Minnesota Latinos in the Rural Sector

Although Latinos have always had a presence in rural Minnesota, it is only in the past two decades that they have filled positions in the rural industry. This is due to major shifts in Minnesota’s economy in general and in the state’s rural economy in particular. Rural Minnesota has seen a decline in agriculture and high-wage manufacturing jobs, and an increase in service and low-wage industrial jobs. Many of the large farms that used to dominate the landscape of southwestern Minnesota have disappeared, and the remaining industrial jobs have become less desirable because of their low-wages and lack of benefits. As a result many local residents of the region have left.

Paralleling this out-migration, food processing companies have moved into the area in an attempt to lower their production costs. They are initially attracted by the weak labor unions and accompanying low wages of rural areas. The ruraliza-tion of the industry has been further encouraged by tax breaks given by small towns to food processing companies to locate there. As a result of these incentives Minnesota has become one of the nation’s leaders in processing foods such as turkey and sweet pea. Farmland Foods, Midwest Foods, Hormel, Jennie-O, Schwan, Swift and Company, Monfort Pork, and Campbell Soup either have headquarters or production hubs in rural Minnesota.

With the relocation of food processing factories, new jobs were created in rural Minnesota. Yet, towns had difficulty filling these jobs because they are low paying and unappealing, and because they often entail dangerous working conditions. As a result, in the 1980s food processing companies began to recruit migrants to fill their demand for workers. Little knowledge of English is necessary to work in food processing factories, which makes the jobs attractive to the poorest and least educated Latinos.

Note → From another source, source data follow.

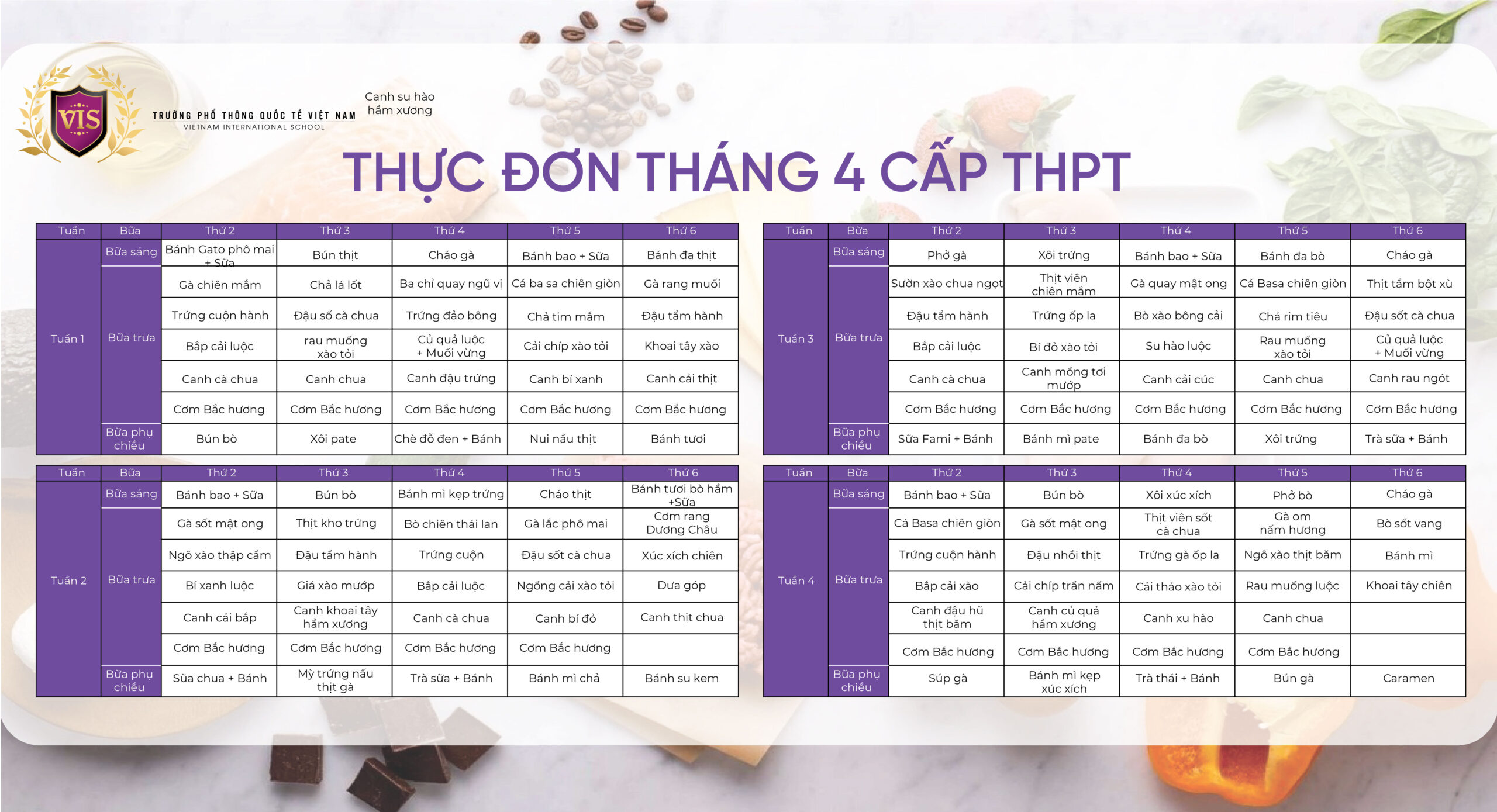 - THỰC ĐƠN THÁNG 04/2026 CẤP THPT
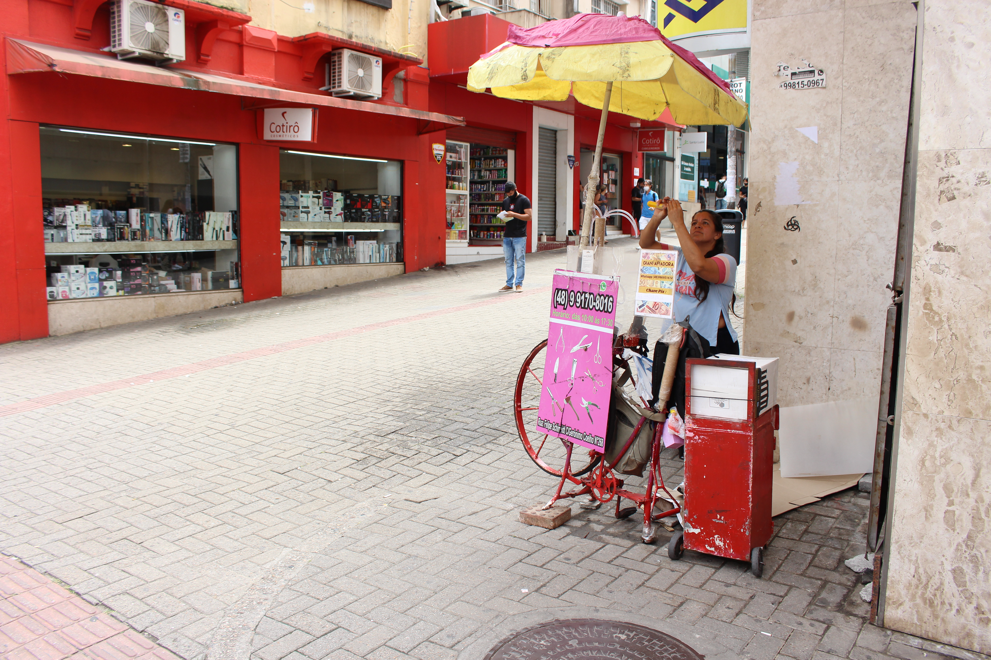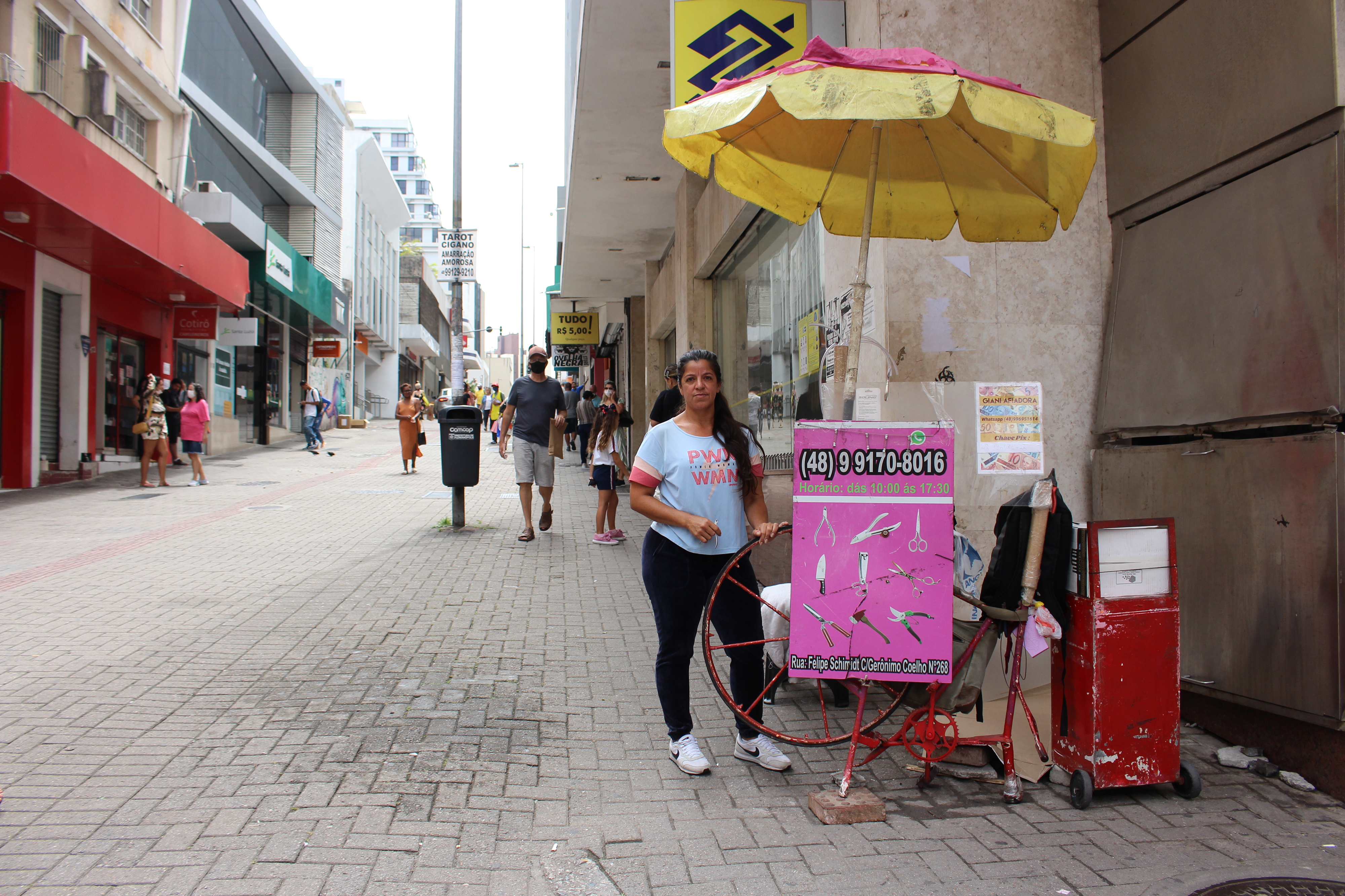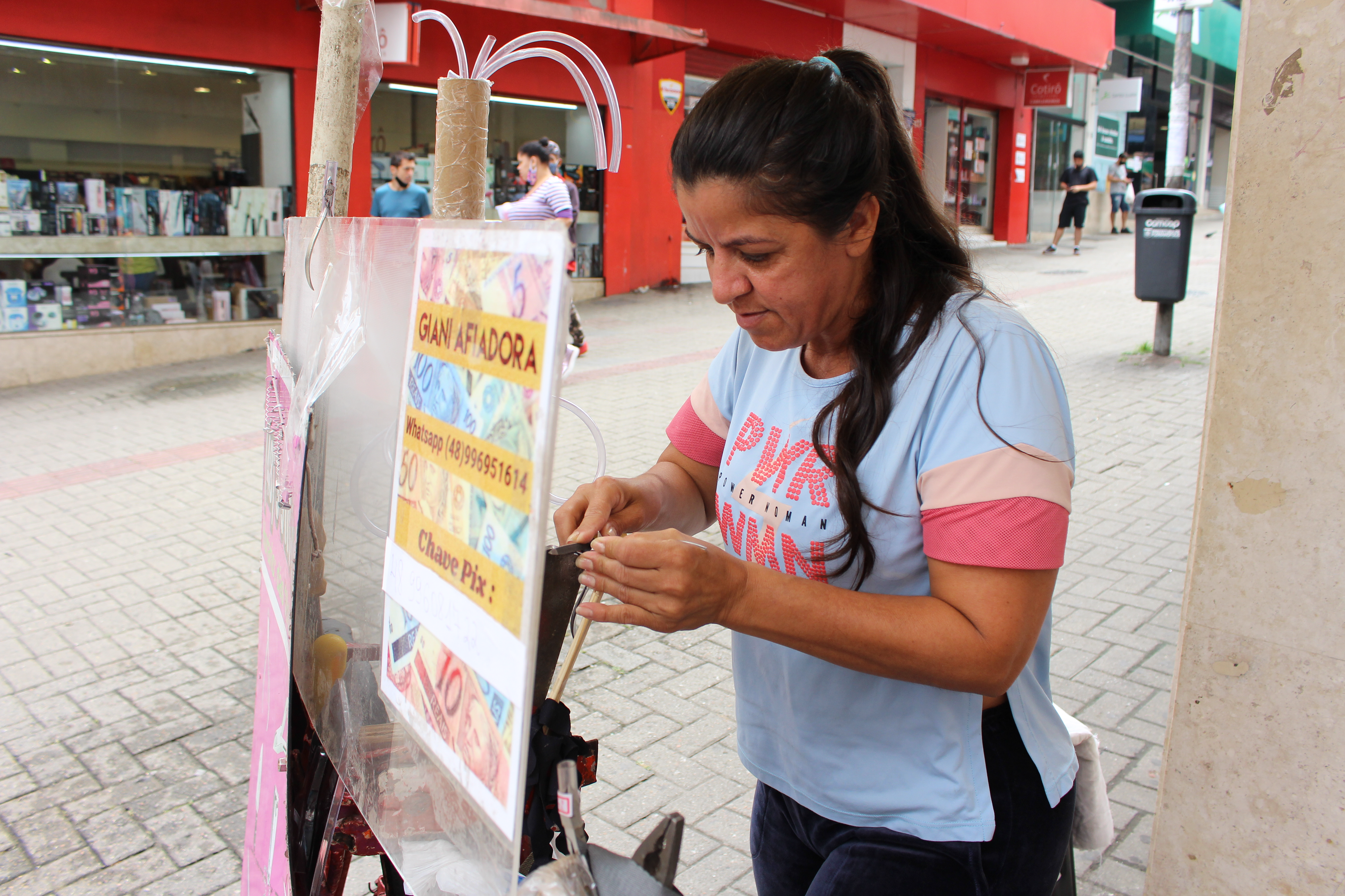 Olá. Eu me chamo Giani, tenho 45 anos e já sou afiadora há praticamente vinte anos. Aprendi com meu falecido marido, mas exerço a profissão sozinha há 15, até porque ele faleceu tem 10 anos. Iniciei com 18 anos e sou a única mulher afiadora no Centro da cidade de Florianópolis.
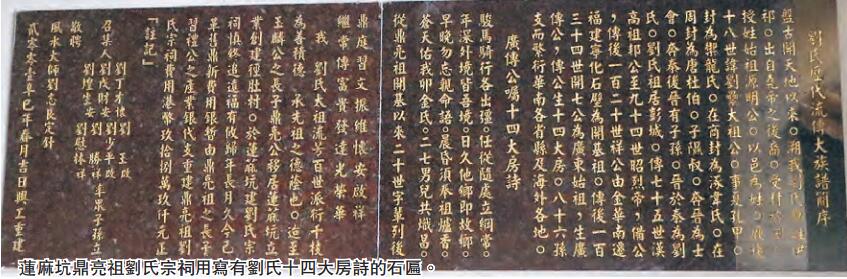 這一首「身份詩」,筆者是在蓮麻坑鼎亮祖劉氏宗祠的石匾看到的,之後又在馬尾下簡頭村和吉澳劉氏的族譜首頁讀到,可見此詩在廣東劉氏客家族群中確實廣泛流傳,卻未知是否曾有人應用。
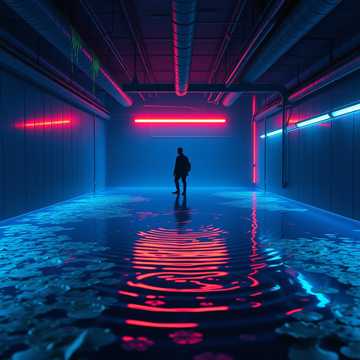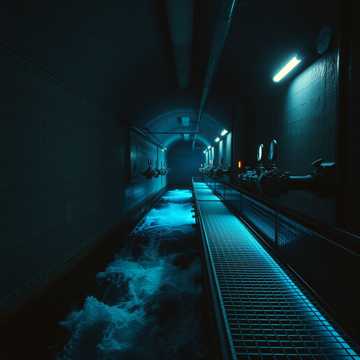 Downtempo, 95 BPM, Echoing boot-stomps on wet metal, bubbling fluid behind glass, warm pulsating synths, damp reverb
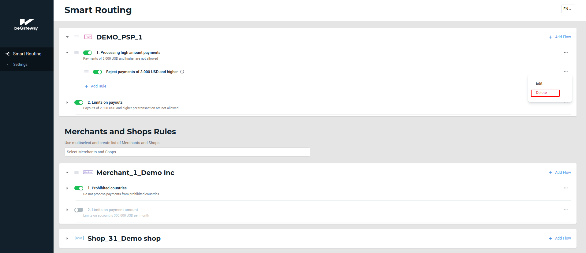 Delete a rule The service allows you to delete any rules. Follow the steps below: Go to the Smart Routing tab. Select Delete in the rule menu. The Delete button in the rule menu Instead of deleting a rule, you can deactivate it. For that, use the toggle next to the rule name.
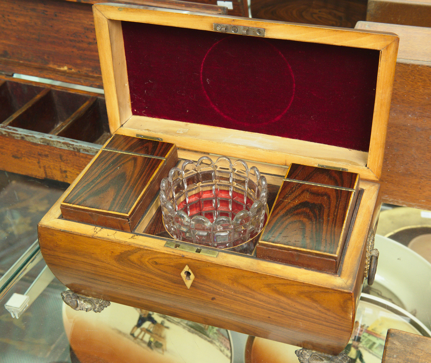 A 19TH CENTURY ROSEWOOD TEA CADDY WITH CANNISTERS (VENEER LOSS TO LID) 30 X 15 X 18CM
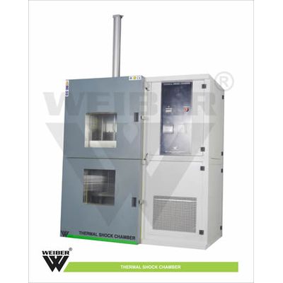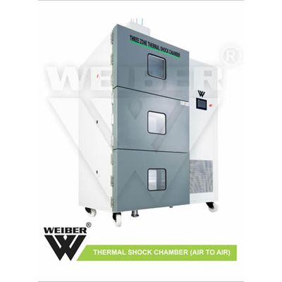 WEIBER designs and manufactures Air to Air Thermal Shock Test Chambers, Two Zone Thermal Shock Test Chamber, Customised Automotive Thermal Shock Test Chambers with separately controlled temperature zones (2 zone and 3 zone), depending on configuration of the chamber chosen. In thermal shock testing alternating high and low temperatures are fed in the chamber. To observe the product characteristics and failure occurrences caused by different materials and their thermal expansion coefficients, thermal shock testing is subjected to the product.
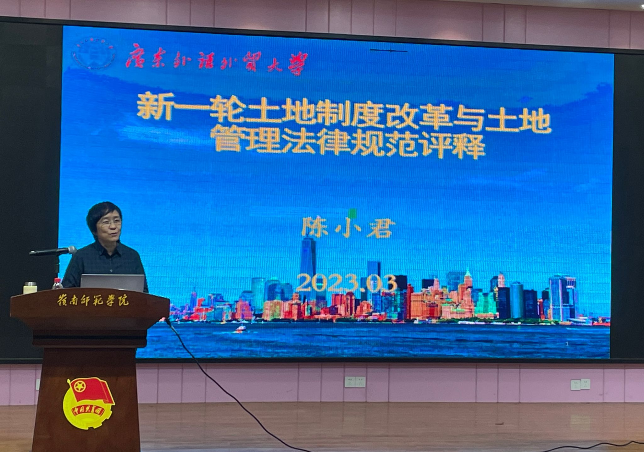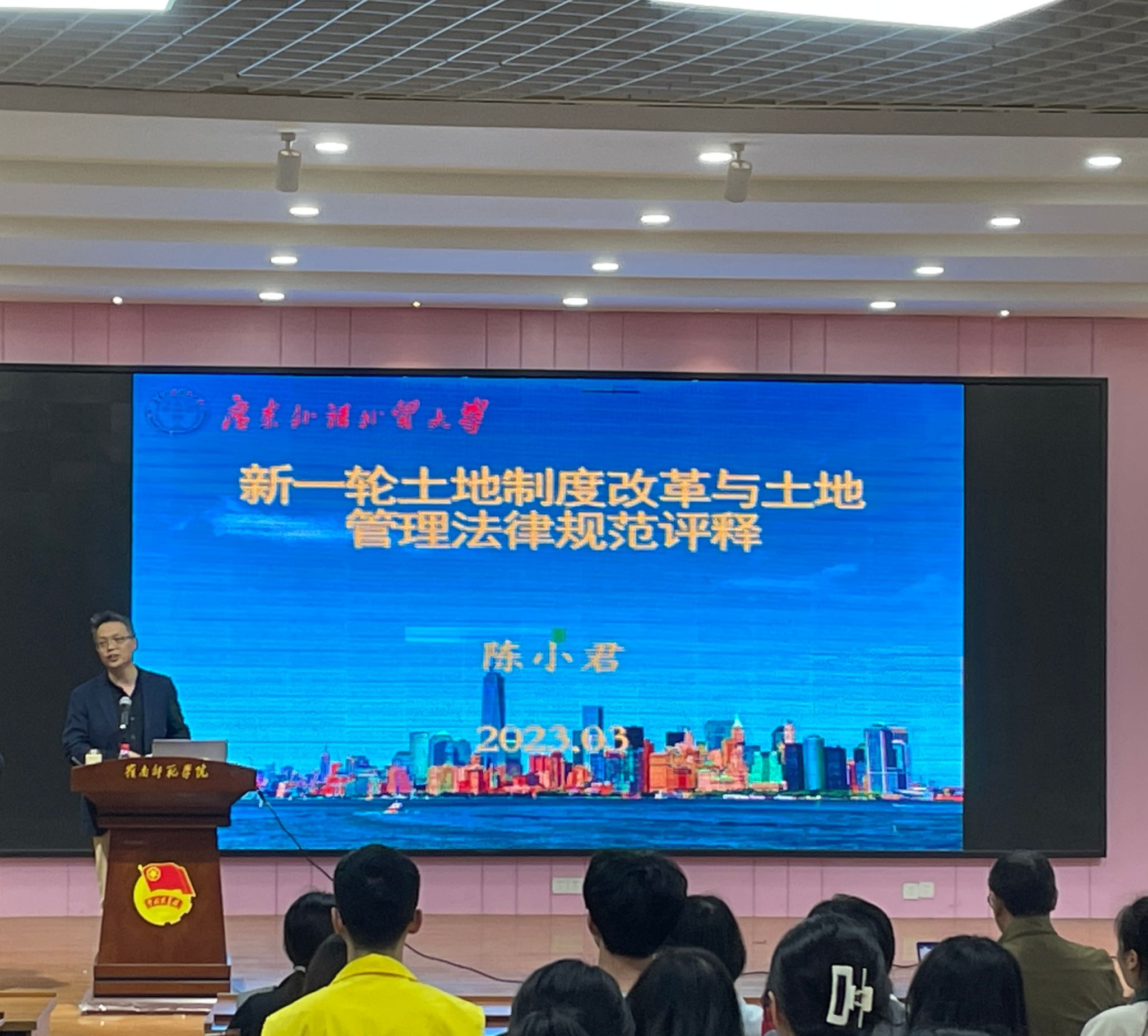 3月13日晚上,法政学院于弘雷楼311成功举办了主题为“新一轮土地制度改革与土地管理法律规范评释”的雷阳大讲坛。本次讲座由广东外语外贸大学“云山(法学)工作室首席专家”陈小君教授主讲。本次讲座由法政学院副院长于卫青教授主持,法政学院副院长娄伟教授、法学系主任韦志明教授、法学系副主任孟庆吉博士以及法学系各位专业教师、法学系2020级、2021级全体同学参加了本次讲座。
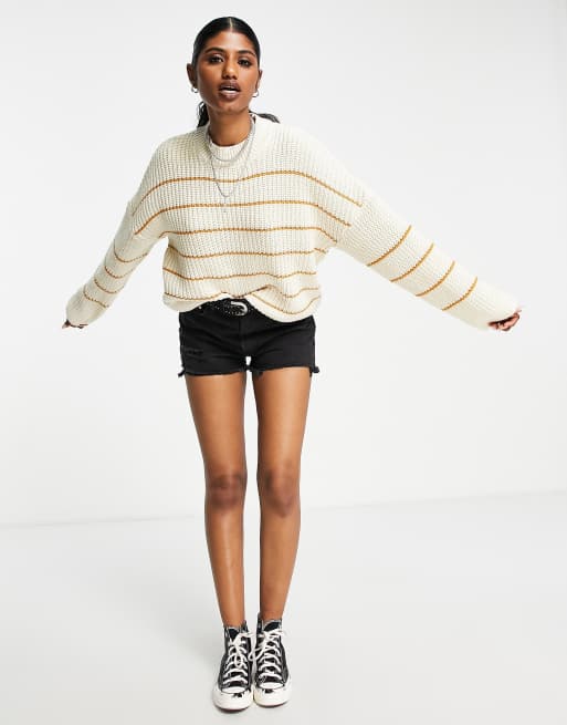 Vila long sleeve ribbed knit sweater in birch with gold stripes ASOS Very well made.

Besides participating in Minnesota’s rural food processing industry, Latinos continue to work on the farms. A report by the Wilder Research Center estimated that in 2003 there were between 1,200 and 10,000 migrant farmworkers in Minnesota.10 These numbers only include those who are actually working in the fields that is, they exclude family members accompanying the workers.

As was the case in the early 1900s, when Mexicans and Tejanos first came to Minnesota to work in the sugar beet fields, life for contemporary migrant farmworkers is difficult, and exploitation is common. Workers are hard pressed to meet even their most basic needs. Housing is a good example. Few employers provide housing for their migrant workers. In 2002 a study of migrant housing in southern Minnesota by the Hispanic Advocacy and Community Empowerment through Research

(HACER), at the University of Minnesota, found that housing is such a great problem that some migrants resort to living in their cars.11 When the option is available, workers commonly choose to live in employer-provided barracks, which are essentially mobile trailers. Still, living conditions in these trailers are far from ideal. Up to 15 workers live in a single gender-segregated trailer, many of which do not have bathrooms. Other housing options include mobile homes or hotels. Migrant living conditions are substandard across the board. In addition, Latinos report persistent discrimination when trying to find housing on the private market.

Many migrant farmworkers must piece together work to make ends meet. This means that they often work in both agriculture and industry. Most have to commute to the workplace. Because employers do not provide transportation, workers must have access to a car. HACER reports that the average commute by workers in southern Minnesota is six miles, and that this distance between home and work adds to the costs and challenges of migrant life.

As a result of the massive influx of Latino workers into the poultry, meat, and food processing industries, scholars and policy makers have been paying the industry much attention.12 Researchers have found that dangerous working conditions, low pay, and labor abuse are common among migrant workers in Minnesota. Research also reveals that Latino workers especially those who move to small towns that don’t have a history of non-European migration commonly face discrimination that permeates their work and social lives.